- _Task_
Reproduce the listing below as it stands. Leave out each image.
[Opening Material to process section]
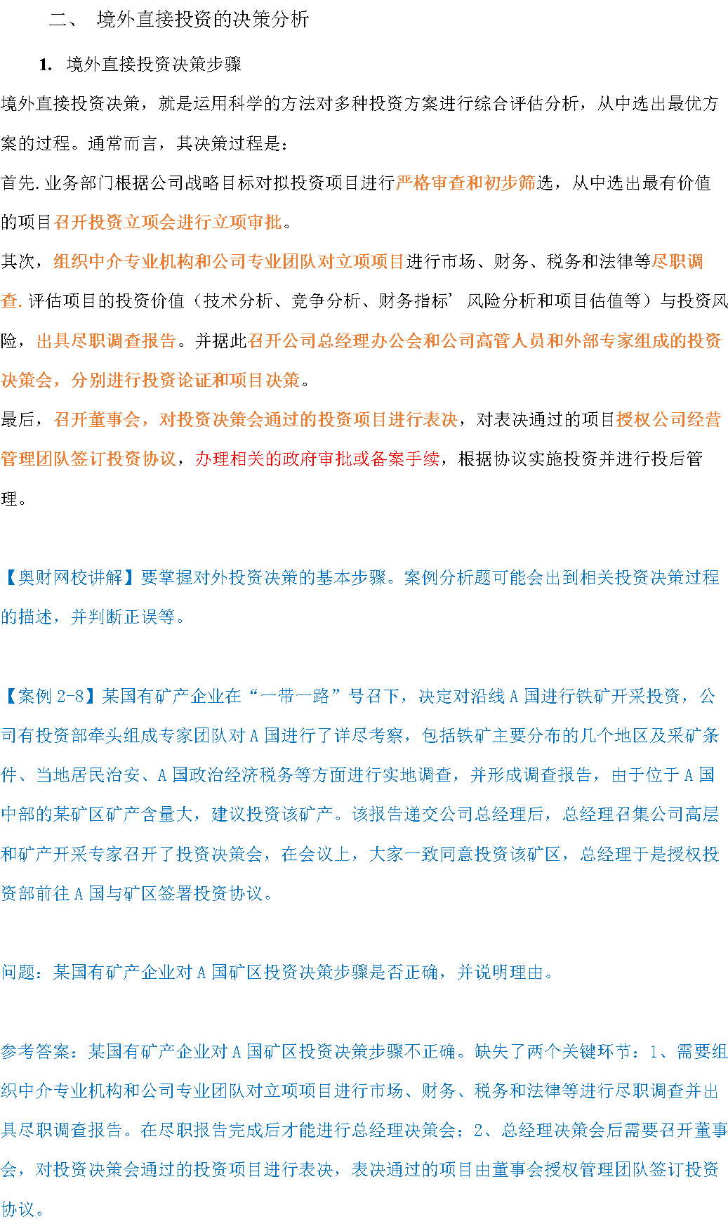 奧財(cái)網(wǎng)校2020年高級(jí)會(huì)計(jì)實(shí)務(wù)考試輔導(dǎo)突破重難點(diǎn)系列:境外直接投資決策分析與評(píng)價(jià)指標(biāo)
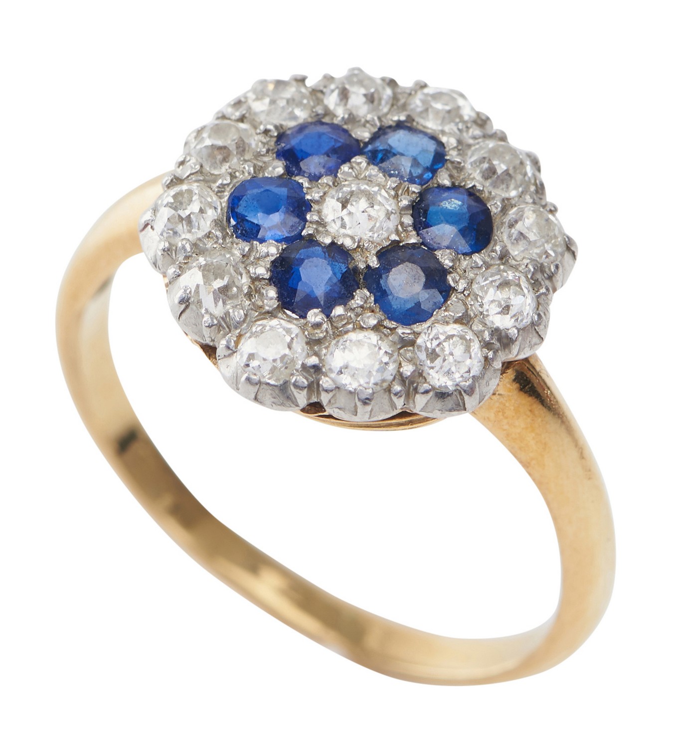 A SAPPHIRE AND DIAMOND CLUSTER RING
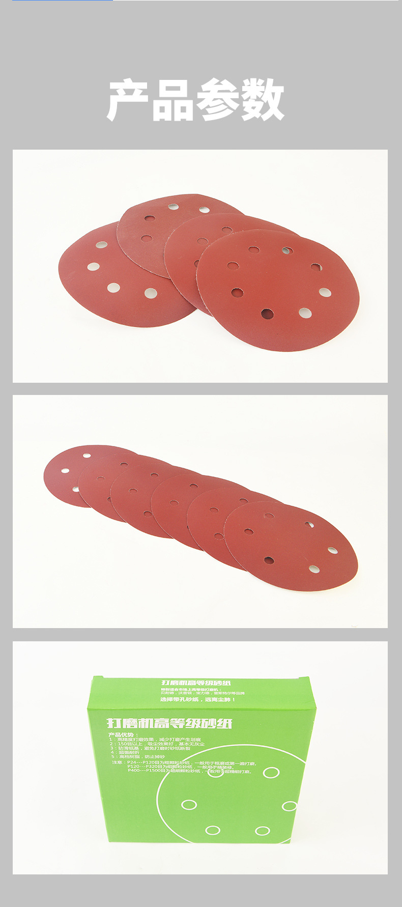 9 인치 6 홀 7 인치 8 홀 디스크 붉은 모래 자체 접착 벨벳 사포를 연마하기위한 사포 퍼티 파우더 연삭 기계 잠금
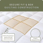 EXTRA THICK MATTRESS TOPPER WITH 3INCH LOFTINESS. Our extra thick full size mattress topper with its 3inch gusset filled with 110oz soft & plush down alternative fiber adds an extra layer of softness to your firm mattress providing you the bouncy feel and cloud-like sleep comfort. PILLOW TOP MATTRESS TOPPER FOR BACK PAIN RELIEF. Filled with premium quality 3D & 6D plush microfiber, this generously filled mattress topper finds a good balance between softness and cushioning and offers optimized support for your hips, shoulders, back, and knees to avoid back ache and leaves you feeling well rested when morning comes. COOLING & BREATHABLE MATTRESS TOPPER. Encased in the softest, lightest and breathable 100% cotton fabric, our mattress topper retain less heat and maintains optimal temperature. No more sweaty nights caused by memory foam pads or traditional mattresses SECURE FIT & BOX QUILTING CONSTRUCTION. Our mattress topper with 4 corner elastic straps adapts to mattress depths from 6" to 22" and ensures a secure fit and allow you toss and turn freely. The box quilting construction prevents the evenly distributed fillings from shifting as you sleep to offer you the most consistent comfort. TIPS FOR USE. It is not necessary to wash your pillowtop before use as it is clean. For best results, tumble dry it on a low heat before use to fluff up the fibers. To extend your bed topper’s life and reduce the need to wash it, position a mattress protector/ fitted sheet over it. Wash bi-annually in a front loader machine on a cool wash. *Please do not use a top loader machine as the agitators destroy the fibers.
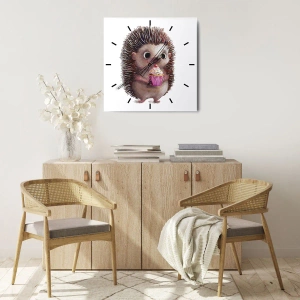 Zegar ścienny - Uroczy jeż trzymający kolorową babeczkę - 30x30cm - Święto jest co dzień - Nowoczesna dekoracja ścienna do salonu, kuchni i sypialni ARTTOR
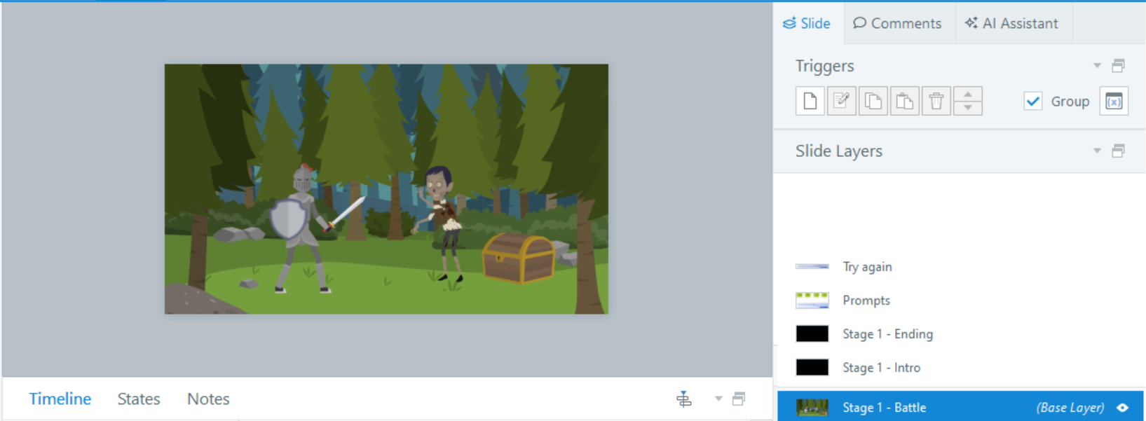 I used variables, triggers, layers, and states in Articulate Storyline to implement the interactive logic of the experience. Variables tracked progression and remaining attempts, while conditional triggers controlled navigation, feedback, and scene flow.
[Closing Material to process section]
- _Output for this task_
 奧財(cái)網(wǎng)校2020年高級(jí)會(huì)計(jì)實(shí)務(wù)考試輔導(dǎo)突破重難點(diǎn)系列:境外直接投資決策分析與評(píng)價(jià)指標(biāo)
 A SAPPHIRE AND DIAMOND CLUSTER RING
 9 인치 6 홀 7 인치 8 홀 디스크 붉은 모래 자체 접착 벨벳 사포를 연마하기위한 사포 퍼티 파우더 연삭 기계 잠금
 EXTRA THICK MATTRESS TOPPER WITH 3INCH LOFTINESS. Our extra thick full size mattress topper with its 3inch gusset filled with 110oz soft & plush down alternative fiber adds an extra layer of softness to your firm mattress providing you the bouncy feel and cloud-like sleep comfort. PILLOW TOP MATTRESS TOPPER FOR BACK PAIN RELIEF. Filled with premium quality 3D & 6D plush microfiber, this generously filled mattress topper finds a good balance between softness and cushioning and offers optimized support for your hips, shoulders, back, and knees to avoid back ache and leaves you feeling well rested when morning comes. COOLING & BREATHABLE MATTRESS TOPPER. Encased in the softest, lightest and breathable 100% cotton fabric, our mattress topper retain less heat and maintains optimal temperature. No more sweaty nights caused by memory foam pads or traditional mattresses SECURE FIT & BOX QUILTING CONSTRUCTION. Our mattress topper with 4 corner elastic straps adapts to mattress depths from 6" to 22" and ensures a secure fit and allow you toss and turn freely. The box quilting construction prevents the evenly distributed fillings from shifting as you sleep to offer you the most consistent comfort. TIPS FOR USE. It is not necessary to wash your pillowtop before use as it is clean. For best results, tumble dry it on a low heat before use to fluff up the fibers. To extend your bed topper’s life and reduce the need to wash it, position a mattress protector/ fitted sheet over it. Wash bi-annually in a front loader machine on a cool wash. *Please do not use a top loader machine as the agitators destroy the fibers.
 Zegar ścienny - Uroczy jeż trzymający kolorową babeczkę - 30x30cm - Święto jest co dzień - Nowoczesna dekoracja ścienna do salonu, kuchni i sypialni ARTTOR
 I used variables, triggers, layers, and states in Articulate Storyline to implement the interactive logic of the experience. Variables tracked progression and remaining attempts, while conditional triggers controlled navigation, feedback, and scene flow.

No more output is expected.